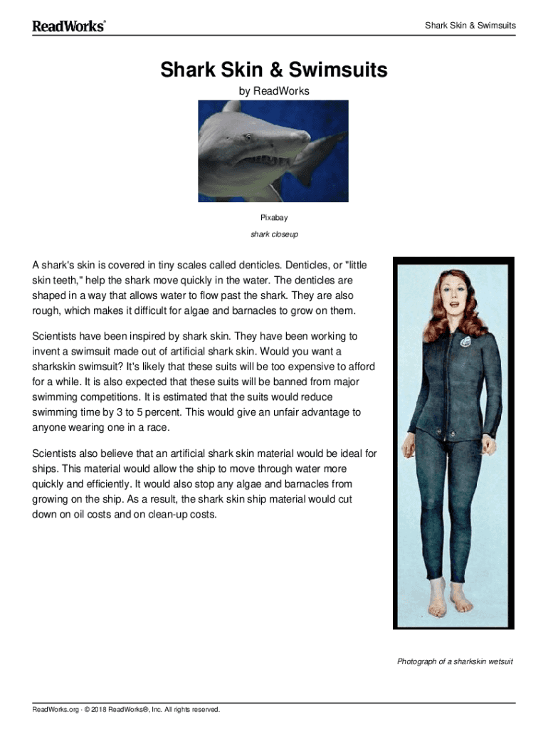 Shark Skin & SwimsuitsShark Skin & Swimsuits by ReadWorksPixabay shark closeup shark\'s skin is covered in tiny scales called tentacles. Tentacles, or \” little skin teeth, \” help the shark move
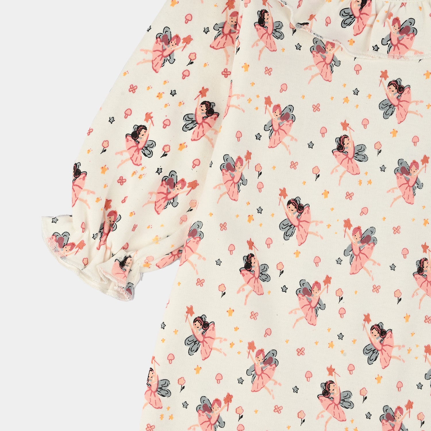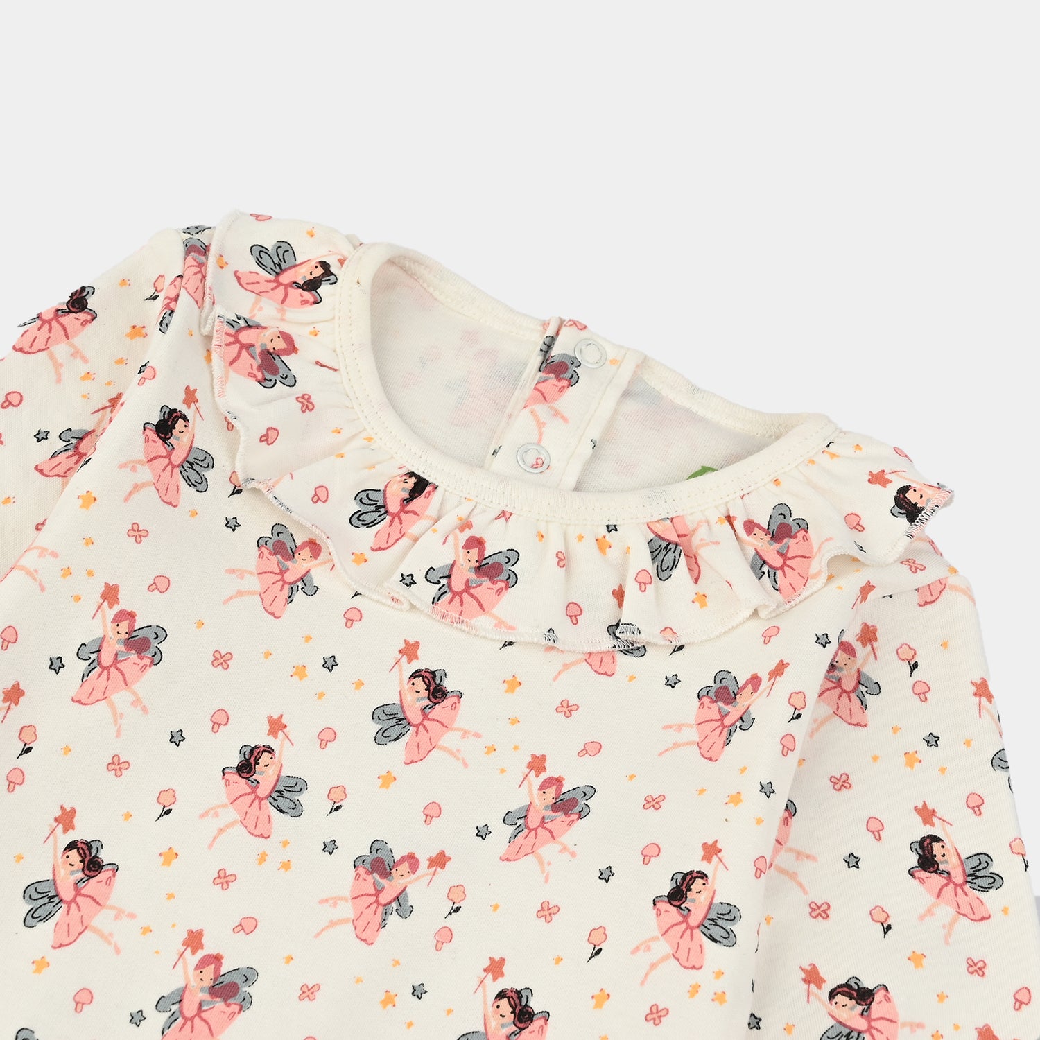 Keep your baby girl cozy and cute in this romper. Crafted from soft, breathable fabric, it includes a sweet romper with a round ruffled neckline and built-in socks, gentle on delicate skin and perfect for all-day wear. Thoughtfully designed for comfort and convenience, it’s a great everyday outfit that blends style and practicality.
—————
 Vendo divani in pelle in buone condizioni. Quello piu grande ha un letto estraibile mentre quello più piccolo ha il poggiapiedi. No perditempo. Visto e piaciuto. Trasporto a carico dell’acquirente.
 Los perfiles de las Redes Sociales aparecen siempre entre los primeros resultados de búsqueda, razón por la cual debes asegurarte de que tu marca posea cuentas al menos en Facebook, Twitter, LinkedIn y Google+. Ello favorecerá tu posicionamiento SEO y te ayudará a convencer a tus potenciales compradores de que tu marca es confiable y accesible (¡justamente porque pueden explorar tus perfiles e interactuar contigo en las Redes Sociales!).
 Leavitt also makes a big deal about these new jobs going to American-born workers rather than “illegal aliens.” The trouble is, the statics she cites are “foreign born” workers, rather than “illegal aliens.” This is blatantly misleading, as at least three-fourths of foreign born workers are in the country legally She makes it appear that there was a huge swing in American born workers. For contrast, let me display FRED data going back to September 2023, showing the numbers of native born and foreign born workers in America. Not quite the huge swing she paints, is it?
—————
Within the listing above, copy exactly the lines that start at the one with "Shark Skin & SwimsuitsShark" and continue through the one with "Keep your baby". Omit pictures.

 Shark Skin & SwimsuitsShark Skin & Swimsuits by ReadWorksPixabay shark closeup shark\'s skin is covered in tiny scales called tentacles. Tentacles, or \” little skin teeth, \” help the shark move
 Keep your baby girl cozy and cute in this romper. Crafted from soft, breathable fabric, it includes a sweet romper with a round ruffled neckline and built-in socks, gentle on delicate skin and perfect for all-day wear. Thoughtfully designed for comfort and convenience, it’s a great everyday outfit that blends style and practicality.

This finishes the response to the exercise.